__RECORDED DATA__
-*-
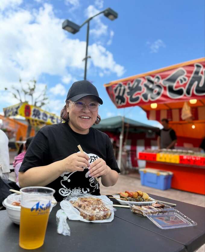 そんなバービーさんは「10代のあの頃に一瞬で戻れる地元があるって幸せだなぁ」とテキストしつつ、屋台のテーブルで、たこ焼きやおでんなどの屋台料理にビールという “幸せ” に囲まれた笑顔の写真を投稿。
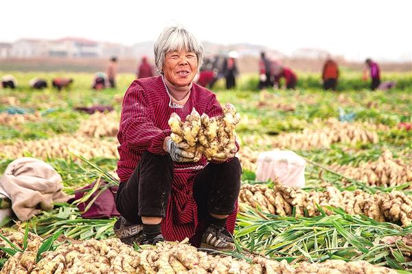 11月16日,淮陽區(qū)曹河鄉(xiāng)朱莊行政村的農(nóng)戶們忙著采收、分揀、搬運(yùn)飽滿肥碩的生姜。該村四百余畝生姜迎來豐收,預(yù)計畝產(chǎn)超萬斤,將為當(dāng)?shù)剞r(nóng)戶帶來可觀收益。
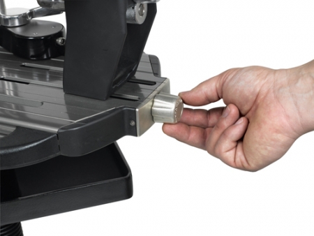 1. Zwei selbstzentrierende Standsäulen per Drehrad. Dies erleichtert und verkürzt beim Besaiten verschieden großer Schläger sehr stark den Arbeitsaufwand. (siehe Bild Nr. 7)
-*-
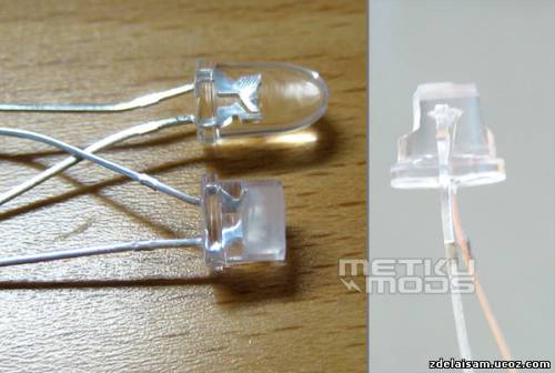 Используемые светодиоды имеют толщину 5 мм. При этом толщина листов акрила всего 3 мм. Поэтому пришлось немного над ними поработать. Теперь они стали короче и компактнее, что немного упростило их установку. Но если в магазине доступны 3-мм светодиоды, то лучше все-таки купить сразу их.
-*-
__TASK ITEM__
Above are records; write out the lines from the one with "11月16日,淮陽區(qū)" down to the one with "1. Zwei selbstzentrierende", exactly, leaving the pictures out.

__ANSWER TO THE EXERCISE__
 11月16日,淮陽區(qū)曹河鄉(xiāng)朱莊行政村的農(nóng)戶們忙著采收、分揀、搬運(yùn)飽滿肥碩的生姜。該村四百余畝生姜迎來豐收,預(yù)計畝產(chǎn)超萬斤,將為當(dāng)?shù)剞r(nóng)戶帶來可觀收益。
 1. Zwei selbstzentrierende Standsäulen per Drehrad. Dies erleichtert und verkürzt beim Besaiten verschieden großer Schläger sehr stark den Arbeitsaufwand. (siehe Bild Nr. 7)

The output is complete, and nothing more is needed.